Among RPI’s Greatest Leaders

This weekend the Rensselaer community will celebrate the 10th anniversary of Dr. Shirley Ann Jackson’s tenure as president as well as commemorate the first decade of the Rensselaer Plan and completion of the Renaissance at Rensselaer capital campaign.  Dr. Jackson’s accomplishments are readily apparent and widely publicized.  If you have any affiliation with Rensselaer, you know that she is acclaimed as an effective leader.

I generally avoid superlative attributions.  It’s too subjective – the greatest and the best cannot be boiled down to one individual.  That’s why we often say one of the best or among the greatest.  Though it can be interesting to apply these attributions in a historical context, it’s helpful to keep in mind that often “the times make the man.”  When there is some historical perspective on Dr.

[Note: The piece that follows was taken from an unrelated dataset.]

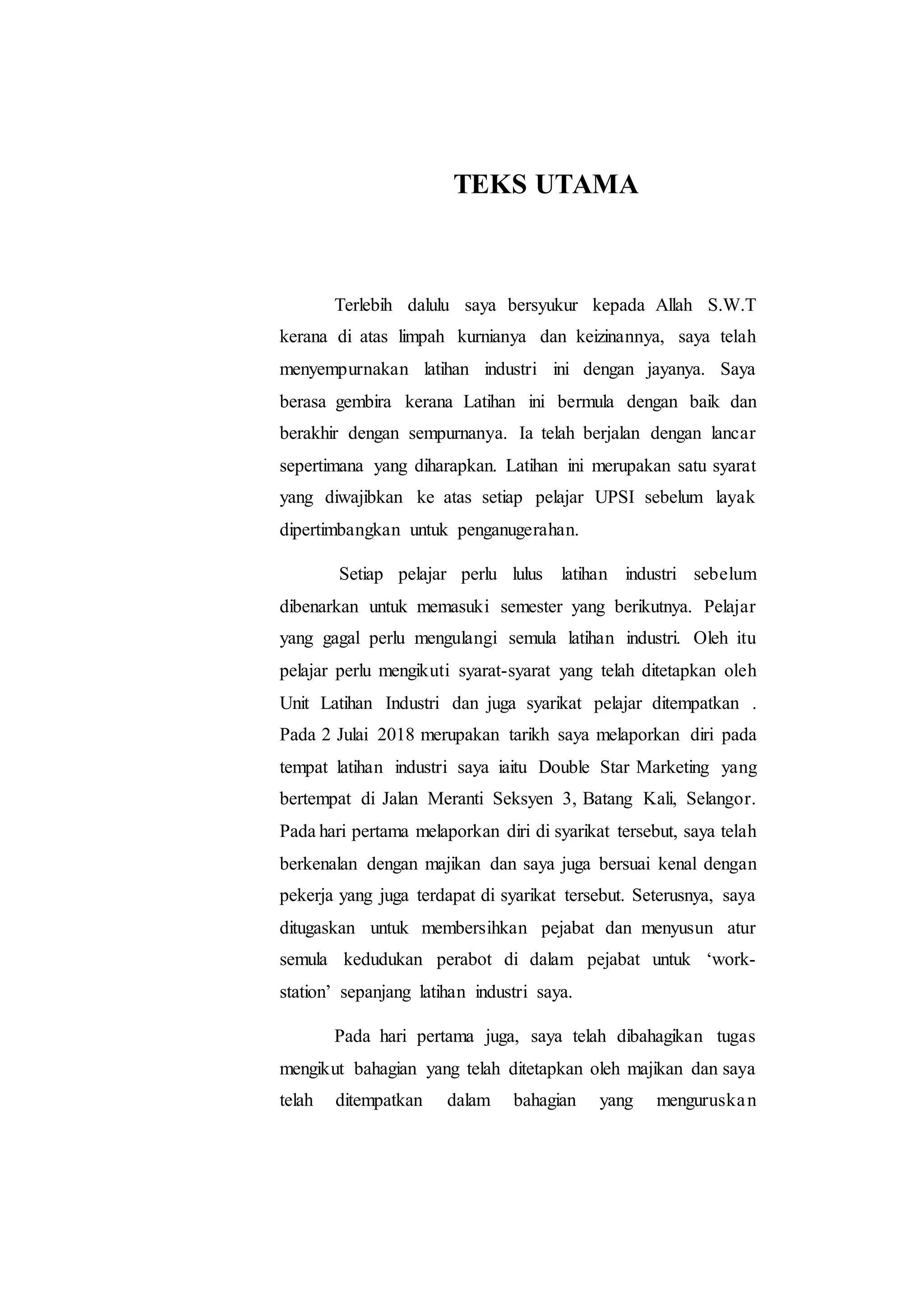 Contoh Laporan Latihan Industri Full. UPSI Pusat Latihan Mengajar dan Industri 35900 Tanjong Malim Perak Darul Ridzuan plmiupsiedumy 6015-4879 7210. Oleh itu pensyarah boleh menunjukkan.

Jackson’s tenure, I wonder if she will be considered among the greatest Rensselaer presidents.  Who else is in that league?  Two past presidents immediately come to my mind – Palmer C. Ricketts and Livingston W. Houston.  Both men were alumni of RPI and spent over sixty years of their lives at the Institute.  Now that’s dedication!  A couple of weeks ago Carl Westerdahl and I gave a presentation at a Friends of Folsom luncheon titled Leadership Legends: Rensselaer’s Leaders of the Past. We highlighted the significant accomplishments of seven leaders.  Ricketts and Houston were among them.  I won’t reproduce all of that content here, but I’ll briefly list the accomplishments of these two men below.

Palmer C. Ricketts

  • president for 33 years (Director for 10 yrs previous to that)
  • 10 academic buildings added to the campus
  • 29 dormitory units added making RPI a residential campus
  • $1 million gift from M. Olivia Sage in 1906 – this would equal over $54 million in 2008 dollars (using the value of consumer bundle)
  • endowment grew from $238,000 to $6.3 million
  • endowed professorships in chemistry
  • instituted degree programs in electrical, mechanical, chemical, metallurgical, aeronautical, and industrial engineering, as well as architecture and graduate programs
  • enrollment increased from 200 to 1900
  • faculty increased from 15 to 129 and included internationally known professors

Livingston W. Houston

  • president for 14 years (trustee for over 40 yrs)
  • enlarged the campus from 93 acres to 220 acres
  • acquired 10 buildings including the Field House
  • acquired 437 temporary housing units
  • Freshmen dormitories and Commons dining hall constructed to accommodate 900 students
  • enrollment increased 150% in five years
  • faculty doubled in size during Houston’s tenure
  • appointed the first Dean of Faculty and Dean of Students
  • endowment increased from $10 million to $26 million (there was no capital campaign and no major gifts)
  • Rensselaer at Hartford was opened to provide graduate education for working professionals
  • Research Division, Co-Op Program and Affiliated College Program were established
  • reorganization of the Institute into Schools of Engineering, Science, Architecture, Management and Humanities & Social Sciences
  • Lacrosse and Hockey teams won national championships

Our standard restriction period for the records of administrators is 50 years.  This means that the records are closed to the public and only available to the office that created them during that time period.  I think this number translates well to historical perspective too.  Looking back on decisions, events, accomplishments, etc. 50 years after they occurred gives us enough time to put them in context.  Wouldn’t it be cool if this blog post is still around in 2060 when an archivist opens the Jackson Papers?!